The ‘beginning of the end’ of the health-care recession is ‘finally arising,’ Jim Cramer says

FAN Editor

CNBC’s Jim Cramer on Tuesday predicted the health-care business will quickly rebound after the industry fell into a significant downturn for the first time in his lifetime.

“[A]s the country gradually reopens, there are some industries that should do much, much better,” the “Mad Money” host said. “As states start to lift their lockdowns, I think that the beginning of the end for the health-care recession is finally arising.”

The coronavirus pandemic has put a financial strain on hospitals around the country as doctors have cancelled elective procedures and nonessential surgeries to free up resources for Covid-19 hospitalizations. The University of Michigan’s health system, for example, on Tuesday announced it would furlough 1,400 employees and institute a hiring freeze as it faces a $230 million shortfall in fiscal 2020.

Michigan Medicine is not alone, as hundreds of other hospitals, such as Stanford Health Care, have cut back on their staff. The pain is being felt at doctor and dentist practices across the country, Cramer noted.

As government officials turn their attention to relaunching state economies and easing quarantine orders, investors can expect consumer demand to quickly return for medical services such as Botox, which is owned by Allergan, he said.

AbbVie, which is in the middle of a $63 billion deal to buy the specialty pharmaceutical company, could see a boon in business, thanks to the pent-up demand, Cramer said. Shares of AbbVie as of Tuesday are within $13 of its peak February close before the coronavirus pandemic dropped the market from a bull run to a bear market in about a month.

“But now those dermatologists are opening for business and the pent-up demand is huge, which is exactly what AbbVie’s CEO, Richard Gonzalez, predicted on his excellent conference call last week,” Cramer said.

AbbVie reported a double beat in its first quarter on Friday. The drugmaker saw total revenues grow 10% in the three-month period, but Wall Street expects revenues to decline in the June quarter.

Allergan is set to report earnings next Tuesday. Analysts are expecting Botox sales to be up nearly 5% for the quarter ending in March and to drop double digits in the current quarter, according to FactSet estimates.

The Dow Jones advanced 133 points, or 0.56%, to 23,883.09, while the S&P 500 and Nasdaq Composite both moved about 1% higher in Tuesday’s session.
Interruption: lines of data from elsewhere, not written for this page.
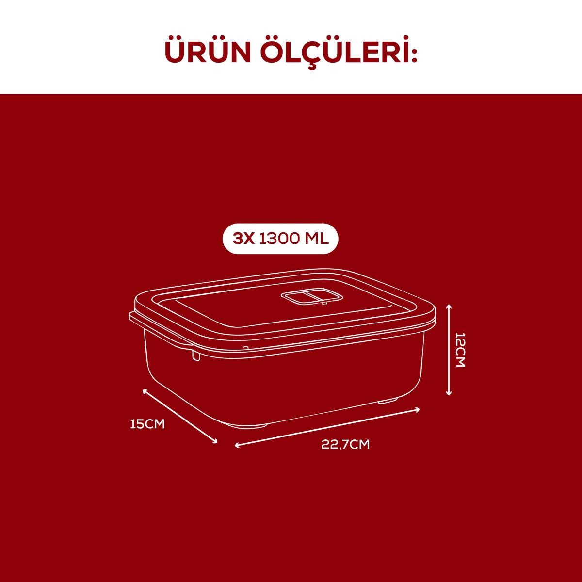 Vienev Kapaklı 3’lü Mikrodalgaya Uygun Dikdörtgen Saklama Kabı Seti - 1300 Ml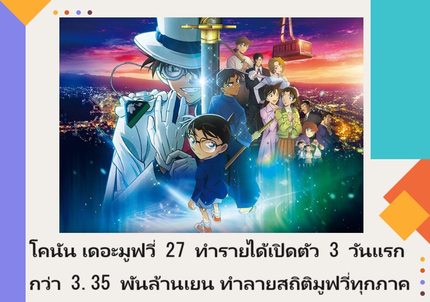 โคนัน เดอะมูฟวี่ 27 ทำรายได้เปิดตัว 3 วันแรกกว่า 3.35 พันล้านเยน ทำลายสถิติมูฟวี่ทุกภาค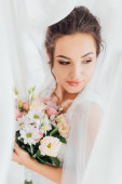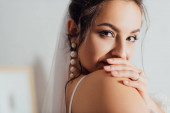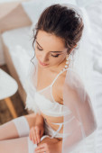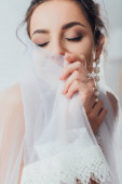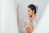 Selektywne skupienie panny młodej w welonie siedzącej w pobliżu lustra i kieliszka wina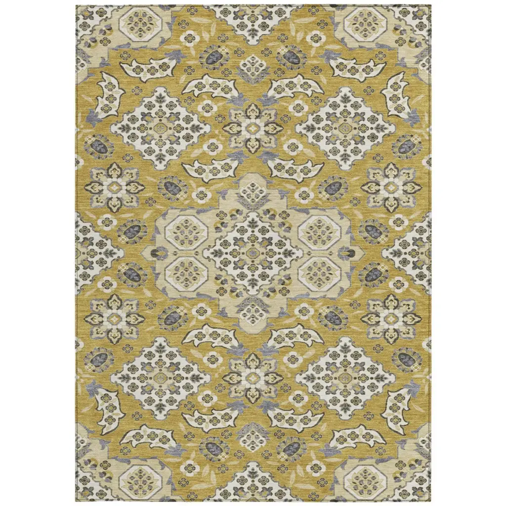 Add great coloration and comfortable texture to your space with this 9-foot x 12-foot gold beige and gray medallion washable indoor outdoor area rug. This rectangle shaped rug features a medallion design that will work well both indoors or out. A classic shape marries with good looking design for your living room, hall, bedroom, porch, patio, or poolside. Ideal for outdoor spaces or high traffic areas with kids and pets, this rug is made from heavy duty polyester that is stain resistant to help repel water, dirt, and stains. Makes a great way to dress up your patio, porch, or poolside, but also works well as a durable and easy to maintain option in the kitchen, family room, or mudroom. 108-inch h x 144-inch w x 0.19-inch d.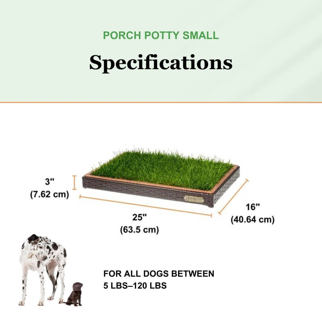 - Items Included: Porch Potty MINI (wicker frame and watering tray), fresh sod, dog potty training booklet, user manual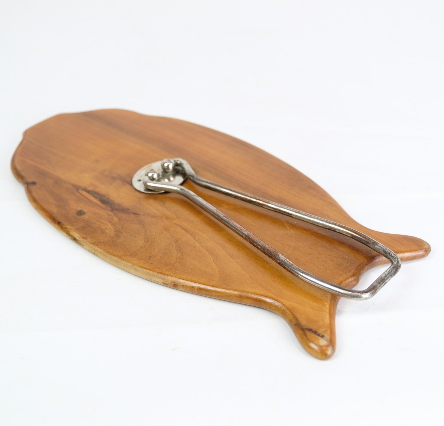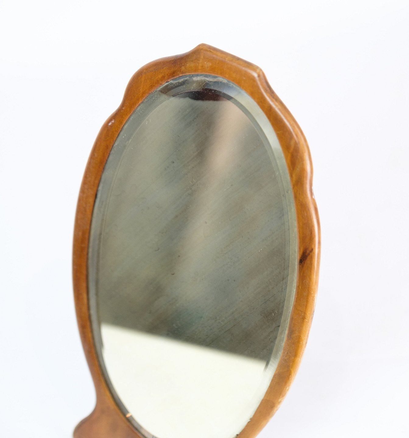 Small table mirror in walnut wood with small metal foot from around the 1880s.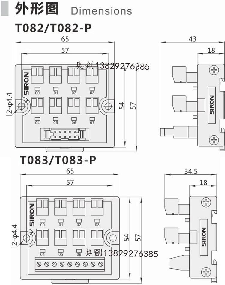 T083/T083-P配有8组2P信号输出口;使用10P端子台与控制器端连接,方便进行远程控制使用。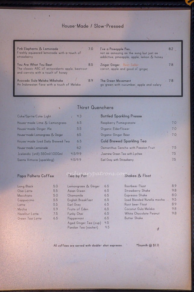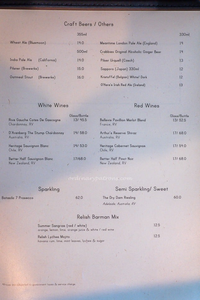 Here are pictures of some pages from the Relish @ Cluny Court Menu and drinks list.

Stocks continue to rise as investors anticipate the U.S. economy will reopen for business, though restrictions will remain. Cramer warned that those restrictions will be bad for many businesses and may stay in place until a Covid-19 vaccine is available.

“The part of the market that’s working — health care, technology, life sciences, e-commerce — [is] doing so well that it obscures the pain in travel, leisure, banking, industrial, retail [and] restaurants,” he said. “Those losers are still weighing us down, but on a day like today it feels like they simply don’t matter.”

Disclosure: Cramer’s charitable trust owns shares of AbbVie.